All that is needed is an exact copy of the lines from the beginning of the data below through the line containing "福岡市中央区の「天神」エリア", minus the pictures.
======
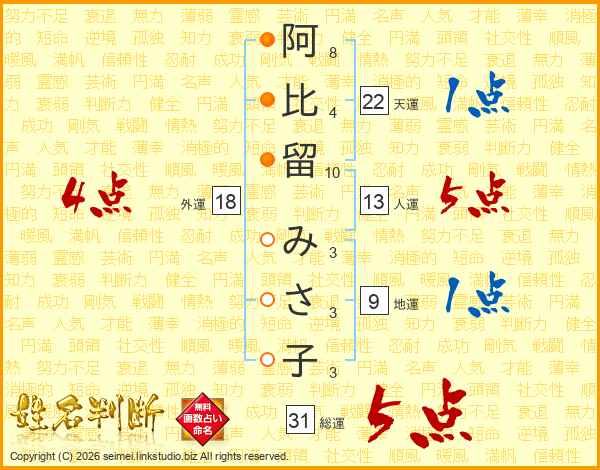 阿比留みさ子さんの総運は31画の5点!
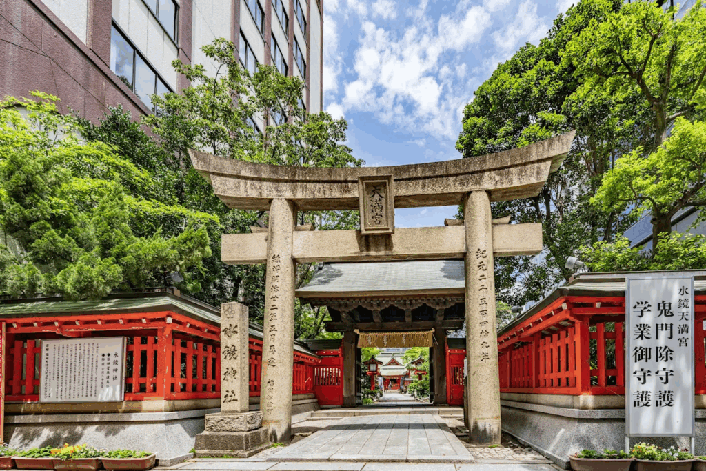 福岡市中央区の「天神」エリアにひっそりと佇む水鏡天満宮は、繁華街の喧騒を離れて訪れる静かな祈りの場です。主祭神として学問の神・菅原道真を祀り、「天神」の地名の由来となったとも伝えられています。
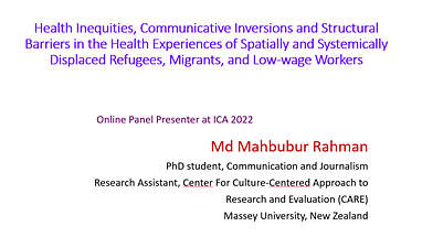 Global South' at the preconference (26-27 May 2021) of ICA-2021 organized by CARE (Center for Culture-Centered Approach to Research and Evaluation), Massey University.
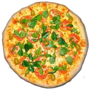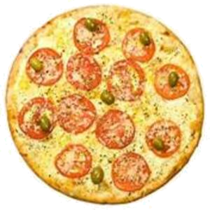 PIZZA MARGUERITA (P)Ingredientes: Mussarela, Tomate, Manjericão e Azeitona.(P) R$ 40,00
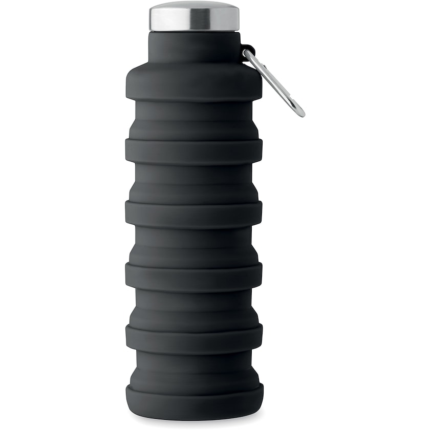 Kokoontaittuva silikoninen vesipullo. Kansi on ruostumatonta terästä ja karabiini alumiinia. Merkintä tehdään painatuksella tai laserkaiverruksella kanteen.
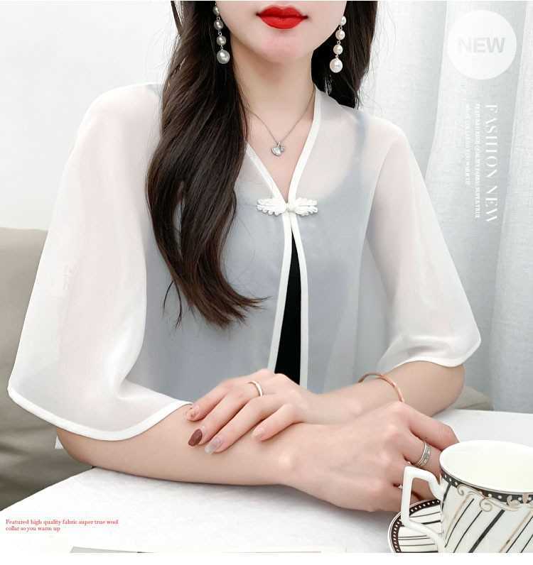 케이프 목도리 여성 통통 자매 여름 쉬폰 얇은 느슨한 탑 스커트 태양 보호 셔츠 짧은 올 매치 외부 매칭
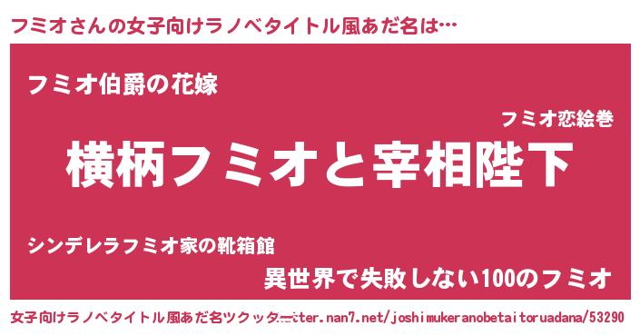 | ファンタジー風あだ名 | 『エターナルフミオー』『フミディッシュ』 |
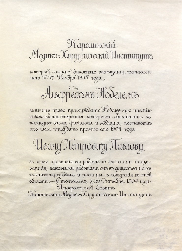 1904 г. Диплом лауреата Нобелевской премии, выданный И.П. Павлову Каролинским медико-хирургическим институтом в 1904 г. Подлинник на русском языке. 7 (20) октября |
======
→ RESULT OF THE EXERCISE:
 阿比留みさ子さんの総運は31画の5点!
 福岡市中央区の「天神」エリアにひっそりと佇む水鏡天満宮は、繁華街の喧騒を離れて訪れる静かな祈りの場です。主祭神として学問の神・菅原道真を祀り、「天神」の地名の由来となったとも伝えられています。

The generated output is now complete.